2. Given the declining returns to banks in the face of the increasing regulatory burden, whatever solution is adopted to alleviate the problem should be (a) effective, and (b) low cost—n particularly since in the last resort increased costs are likely to be passed on to the users of bank services and/or shareholders. This means building on what is already there ton the greatest extent possible, without adding anything that will not have a real impact in behaviour at the financial coal face.
3. The FSA’s regulation failed to prevent problems from arising—in part, because their regulations only gave them direct sanction over the defined Controlled Functions, and even then (outside of the high level Principles) only in relation to specific matters which they had recognised as needing regulation.
4. Adding new technical requirements to the FCA’s rulebook is unlikely to provide a universal solution, even within consumer-facing banking. Increasing requirements for mandatory training are unlikely to assist, save in a small number of customer-related functions, given that the problem arises more from cultural influences than a lack of education.
5. Equally, whilst most banks have had some form of a Code of Ethics (behaviour, morals or whatever) governing their staff, this has been insufficient to prevent abuses from arising. It is difficult to see how merely adding another layer of moral requirements above this will achieve any real impact.
6. Any high level mandated code of conduct faces the choice between being universally applicable or honed to deal with particular parts of the banking industry. In the first instance, it is likely to be based on universally acceptable broad standards, which are unlikely to add greatly to the FCA’s Principles. In the latter instance, it will require a great deal of work to target the code to particular business areas—resulting in a plethora of sub-codes and training requirements, adding complexity and cost without actually bringing any real additional benefit. There is a great risk, therefore, that any British Banking Standards Board (call it what you will) will merely be a costly sinecure without producing any tangible additional benefit, other than appeasing the demand for action.

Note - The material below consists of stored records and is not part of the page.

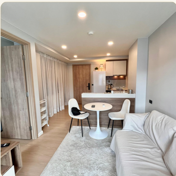
УЮТНАЯ ГОСТИНАЯ С КУХНЕЙ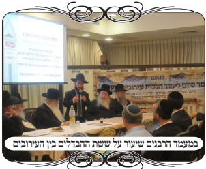
מנומרי הרבנים שיעור על ששת הדברים בין העירובים

הדברים האלו תמיד צריכים חיזוק, כאשר לא יודעים את ההלכות, קל להיכשל למעשה, כמו שר' משה אנגלרד אמר קודם, שגם את המפתח אי אפשר להוציא, וגם כשהמפתח נעוץ בחור הדלת, אסור לפתוח ולסגור את הדלת, כי נחשב שמוציא את המפתח. ועוד דוגמאות רבות. לכן חשוב מאוד שאברכים למדו את ההלכות האלו, ושיהיה חיזוק בענין העירוב, ושיזכו להצליח עם הלימוד שרכשו כאן.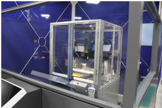
小型マシニングセンター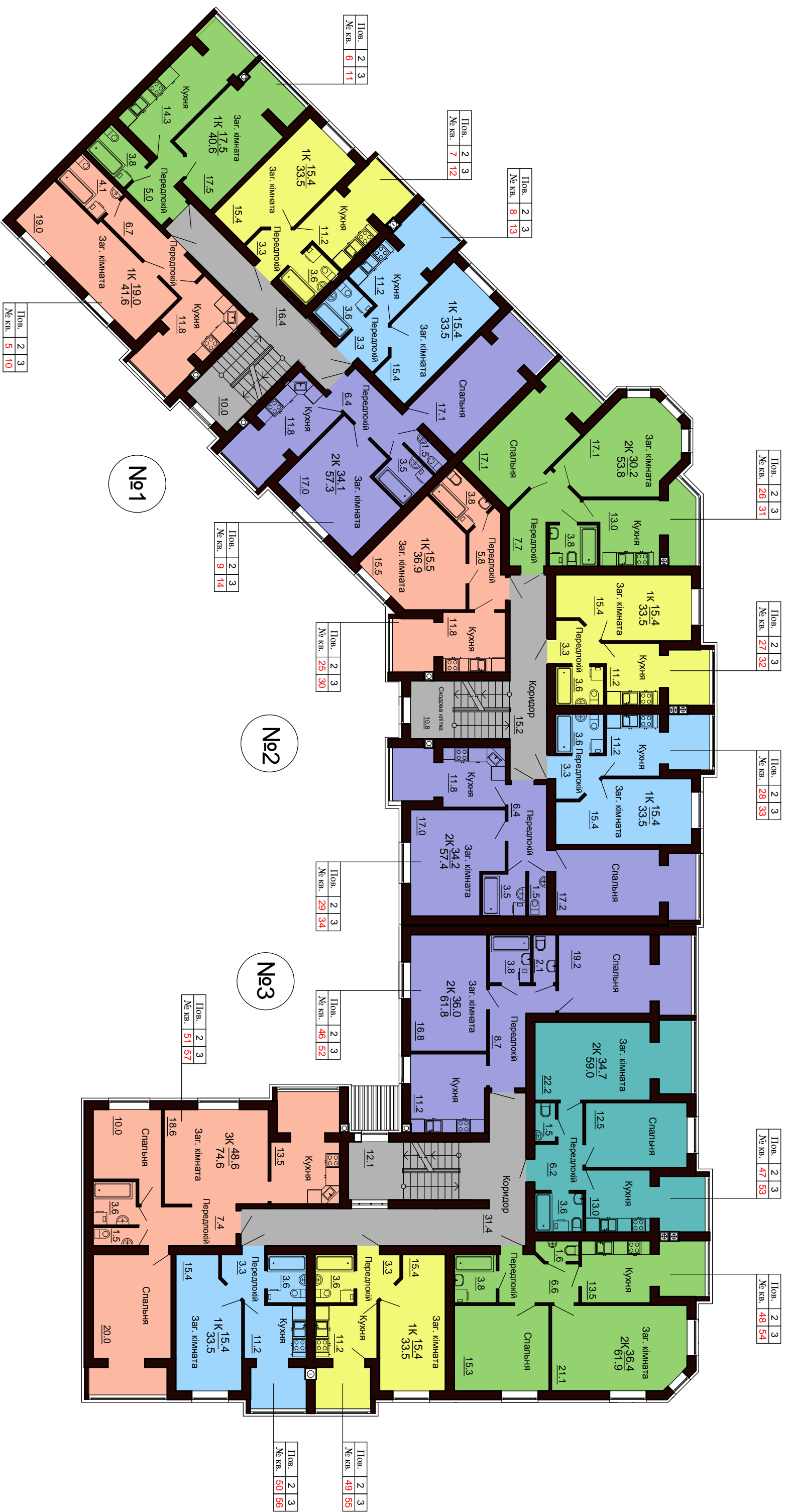
План 2-3-го поверху. Гетьманська, 12.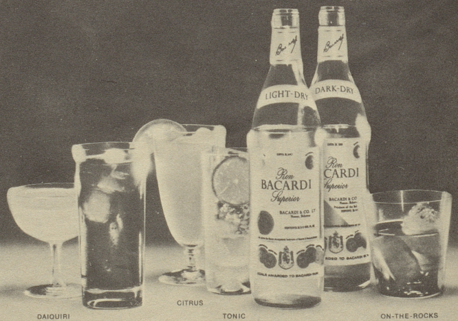
GAIQIRI COLA CITRUS TONIC ON-THE-ROCKS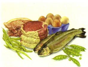
食疗定制 P86 秋高气爽“贴秋膘”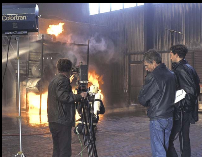
Werkopname tijdens "Het verhaal van Joram"

Educatieve videoproducties: Vanaf 1995 tot 2005 produceerde hij in eigen beheer educatieve video's voor het basisonderwijs.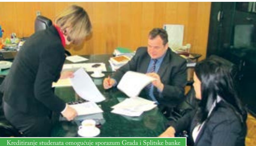
Kreditiranje studenata omogućuje sporazum Grada i Splitske banke

U Gradu Čazmi potpisan je Ugovor o suradnji sa Splitskom bankom koja je na javnom pozivu Grada Čazme izabrana kao najpovoljniji ponuđač studentskih kredita.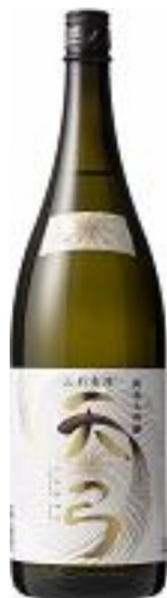
東の麓酒造有限会社

天弓シリーズの大吟醸 暁天、純米大吟醸 藍天に使用しています。スッキリとした酒質ですが米の旨味も感じられる人気の商品です。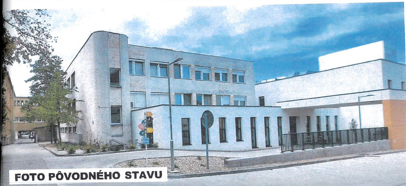
FOTO PÔVODNÉHO STAVU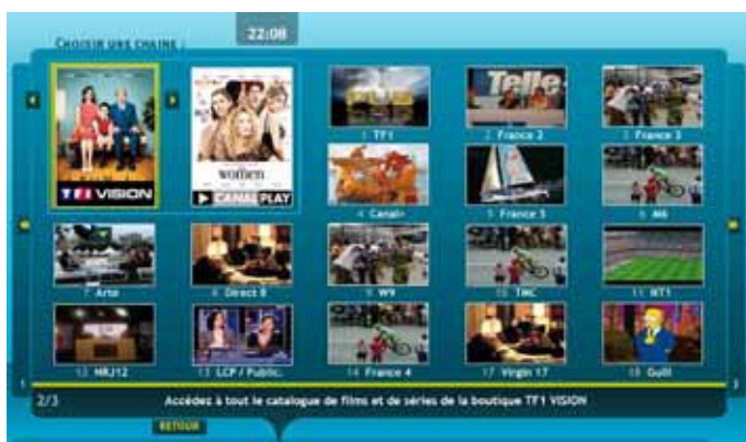
Une mosaïque qui permet de visualiser en un clin d'œil les premières chaînes de l'offre Bbox.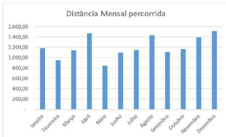
Figura 1: Relação das distâncias mensais percorridas na rota da coleta seletiva.

Por se tratar de serviço específico não há, no momento, possibilidade de economia de escala com outras contratações. Há, no entanto, possibilidade de abrangência futura deste serviço pretendido com o serviço contratado já existente de coleta de resíduos sólidos urbanos da zona rural via contrato 87/2019 em sua quarta prorrogação.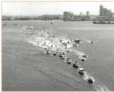
Útěk z přístavu Mariel

V průběhu své vlády Fidel Castro několikrát dovolil lidem opustit zemi bez jakýchkoli omezení. Bylo to například v roce 1965 přesněji 28. září, kdy prohlásil, že účast na revoluci je dobrovolná a Kubánci žijící na Floridě si mohli přijet pro své příbuzné do přístavu Marioca. Lidé mohli opustit zemi až po té, co odevzdali všechny cennosti a šperky a zanechali na Kubě prakticky celý svůj majetek. Omezení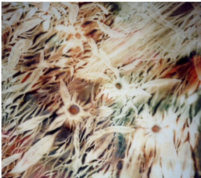
Рис. 1. Татьяна Шалаева. Весна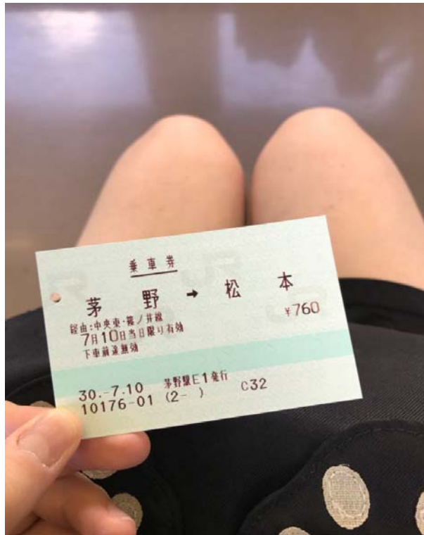
說明：第一次放假去松本玩時的車票（2018/07/10）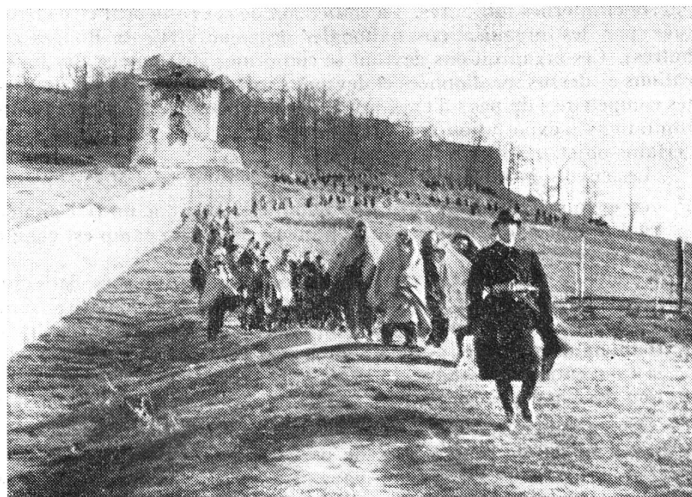
Prats-de-Mollo. Sous la conduite d'un garde-mobile les prisonniers espagnols se mettent en route pour Le Perthus où s'effectuera leur rapatriement par les soins des délégués du Comité international.

On voudrait pouvoir parler longuement de la Commission financière , signaler des sommes considérables mises à la disposition du Comité. Hélas! il faut bien le reconnaître, si les sociétés nationales de la Croix-Rouge font leur possible pour collaborer pécuniairement aux dépenses engagées par le Comité, si certaines entreprises privées et certains particuliers font des gestes dont on ne saurait leur être trop

7. Equally, any mandatory ethical training, or membership/licensing requirement is going to: (i) involve great cost (welcomed by the providing institutions); (ii) result in restraint of trade problems and a reduction in the transfer of skills between countries and industries; and (iii) to the extent that withdrawal of membership/licence results in an inability to work in the sector again, provide a fruitful field for employment lawyers. The numbers of persons engaged in implementing and policing any such approach would be considerable.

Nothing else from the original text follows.